Lei Jie, Li Yongjie
School of Life Science and Technology, University of Electronic Science and Technology of China, Chengdu, Sichuan, PR China.
Comput Methods Programs Biomed. 2009 Mar;93(3):257-65. doi: 10.1016/j.cmpb.2008.10.005. Epub 2008 Dec 6.
A method named approaching genetic algorithm (AGA) is introduced to automatically select the beam angles for intensity-modulated radiotherapy (IMRT) planning. In AGA, the best individual of the current population is found at first, and the rest of the normal individuals approach the current best one according to some specially designed rules. In the course of approaching, some better individuals may be obtained. Then, the current best individual is updated to try to approach the real best one. The approaching and updating operations of AGA replace the selection, crossover and mutation operations of the genetic algorithm (GA) completely.
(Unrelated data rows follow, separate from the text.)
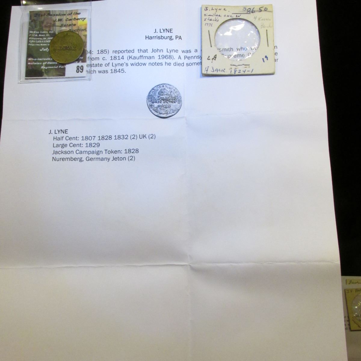 89. Genl. Andrew Jackson Campaign token with "J.LYNE' countermark, Harrisburg, Pa. According to Counterstamp expert and author Gregory Brunk, "Rulau (2004:185) reported that John Lyne was a coppersmith who worked in Harrisburg in from c.1814 (Kauffman 1968). A Pennsylvania Supreme Court Case regarding the estate of Lyne's widow notes he died sometime after 1838 and the year of the case, which was 1845. This is the only specimen known to be struck on a Campaign Token.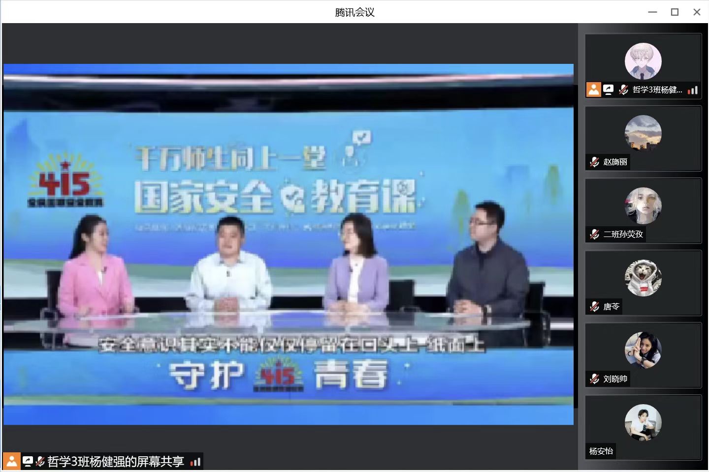 首先,51视频各年级同学积极学习了“同上一堂安全教育课”直播课。该公开课视频由北京大学保卫部部长赵冠英、腾讯守护者计划安全专家张文涛、山东大学辅导员薛冰、北京师范大学2019级本科生刘懿莹联合分享。随着时代发展,出现了一些不断地危及着社会的发展和进步的现象,安全教育的普及已经迫在眉睫。公开课为我们讲解了一些案例,展现了一些反面教材,告诉我们要维护国家安全,提高自我安全防范意识,要牢固树立国家安全观。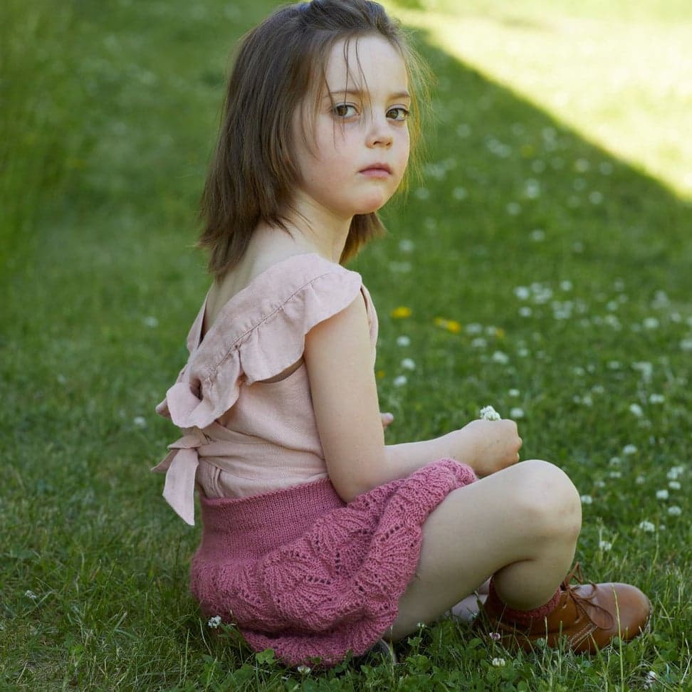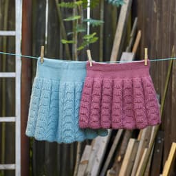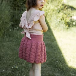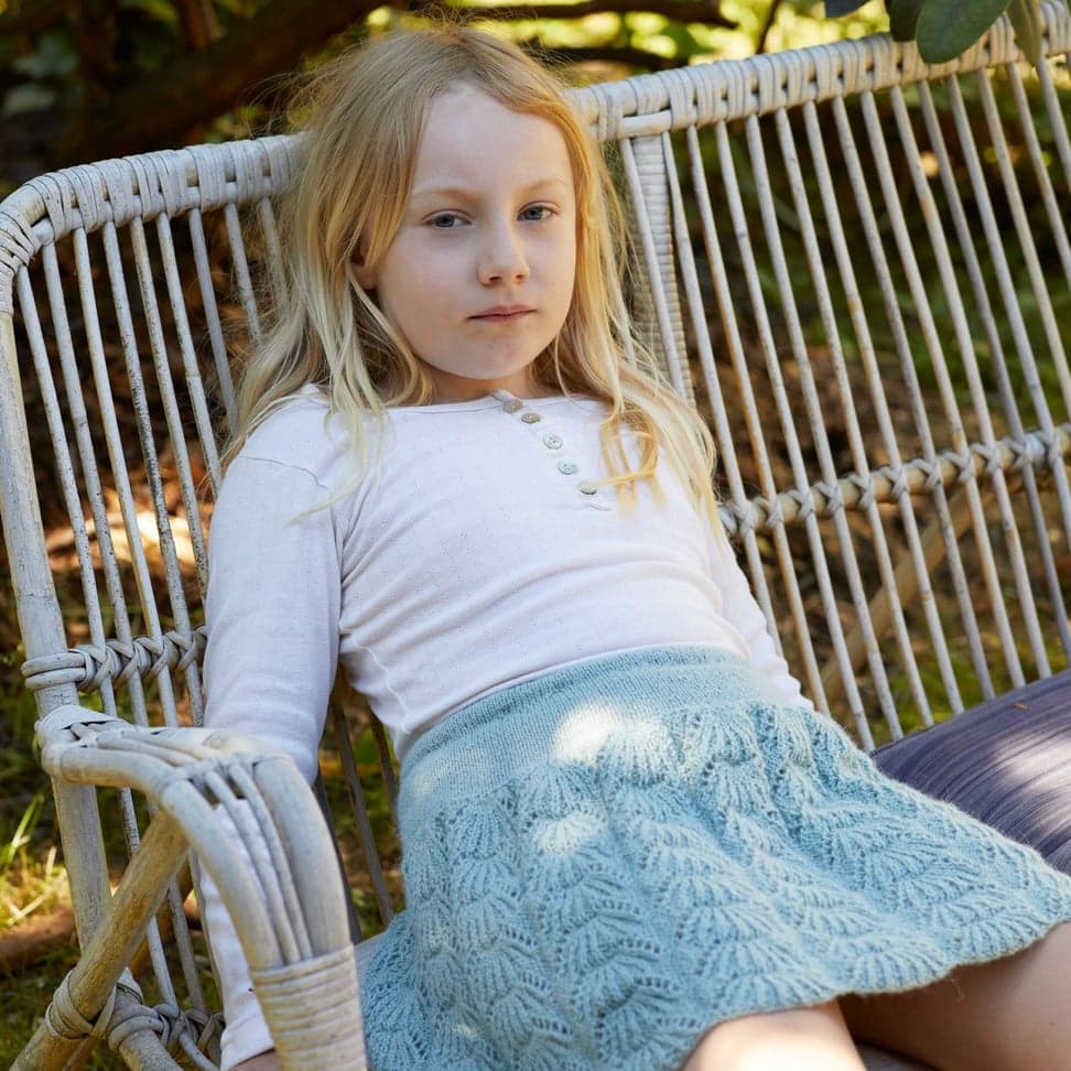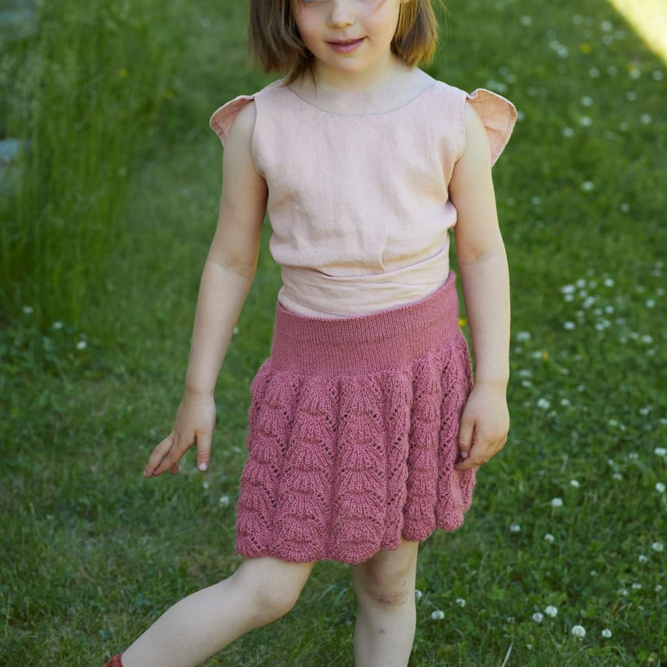 Skjørtet er strikket nedenfra og opp, med hullmønster opp til livet og glattstrikk videre.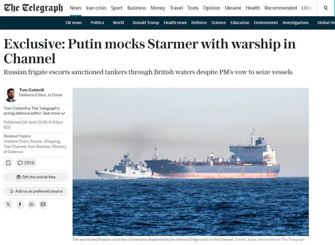За ними следовал корабль ВМС Великобритании, однако не предпринял никаких действий, несмотря на обещание премьер-министра Кира Стармера захватывать "теневой флот".

Using the specially designed updating strategies, AGA can recover the varieties of the population to a certain extent and retain the powerful ability of evolution, compared to GA. The beam angles are selected using AGA, followed by a beam intensity map optimization using conjugate gradient (CG). A simulated case and a clinical case with nasopharynx cancer are employed to demonstrate the feasibility of AGA. For the case investigated, AGA was feasible for the beam angle optimization (BAO) problem in IMRT planning and converged faster than GA.
一种名为逼近遗传算法(AGA)的方法被引入用于自动选择调强放射治疗(IMRT)计划的射束角度。在AGA中,首先找到当前种群中的最优个体,其余普通个体根据一些专门设计的规则向当前最优个体逼近。在逼近过程中,可能会获得一些更好的个体。然后,更新当前最优个体以尝试逼近真正的最优个体。AGA的逼近和更新操作完全取代了遗传算法(GA)的选择、交叉和变异操作。与GA相比,使用专门设计的更新策略,AGA可以在一定程度上恢复种群的多样性并保留强大的进化能力。使用AGA选择射束角度,随后使用共轭梯度(CG)进行射束强度图优化。采用一个模拟病例和一个鼻咽癌临床病例来证明AGA的可行性。对于所研究的病例,AGA对于IMRT计划中的射束角度优化(BAO)问题是可行的,并且比GA收敛得更快。